Musimy się dokładnie przyjrzeć, aby stwierdzić, że nie istnieje agresja bez przyczyny, z czystej złośliwości czy też w obronie siebie i innych lub w celu przeforsowania swojej racji. Dziecko broni się, aby było jak najmniej ograniczone w swoim działaniu, broni się przed atakiem, broni przedmiotów i terytorium, broni pomysłów na zabawy i swoich planów, chce doświadczać i być samodzielne. Jest to naturalna potrzeba badania świata, potrzeba ruchu, ciekawości.
W przypadku agresywnego zachowania mamy do czynienia ze zwróceniem na siebie uwagi, osiągnięcia wpływów i uznania oraz zmiany istniejących okoliczności.
Agresja jest nieodłączną częścią naszego życia. Jeśli jednak przybiera ona formę pogardy dla człowieka prowadzi do przemocy oraz destrukcji, należy ją odrzucić. Z drugiej strony jest ona potrzebna, gdyż nikt w sposób trwały nie potrafiłby zwracać uwagi na swoje potrzeby, nie byłyby one zaspokajane.
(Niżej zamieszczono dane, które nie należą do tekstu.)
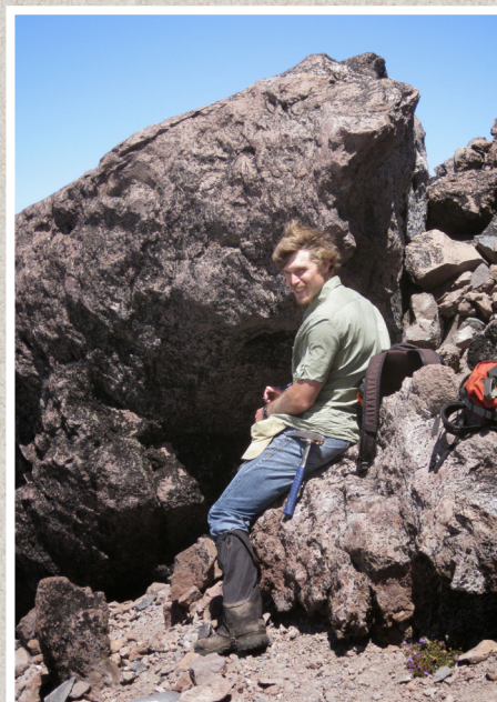
Cooper Ridge Spur, Mt. Hood, Oregon

I was impressed with the interconnectedness of the work done at the USGS -CVO. Sedimentologists work with engineers and hydrologists to understand lahars and gas geochemists work with deformation geologists to interpret behaviors of volcanoes. Overall my summer internship taught me about how science is done in the field and what the products are. I gained greater insights into techniques and methods I can use in my own work.

Nikt też nie czułby się dobrze w grupie, ponieważ nie znałby swojego miejsca.Dzieci wiedzą dobrze, że w agresji musi być umiar.
Już małe dzieci czują się w grupie silniejsze, są gotowe wystąpić przeciwko pojedynczym osobom: obrażać je, wykluczyć, atakować siłą grupy. Widząc takie działanie, musimy reagować natychmiast. Zwrócić uwagę poszczególnym osobom na ich działanie i jego skutki.
Agresja zawsze przeszkadza; naturalnie najbardziej tym, których dotyczy, ale również innym dzieciom, którym uniemożliwia zabawę i inne zajęcia.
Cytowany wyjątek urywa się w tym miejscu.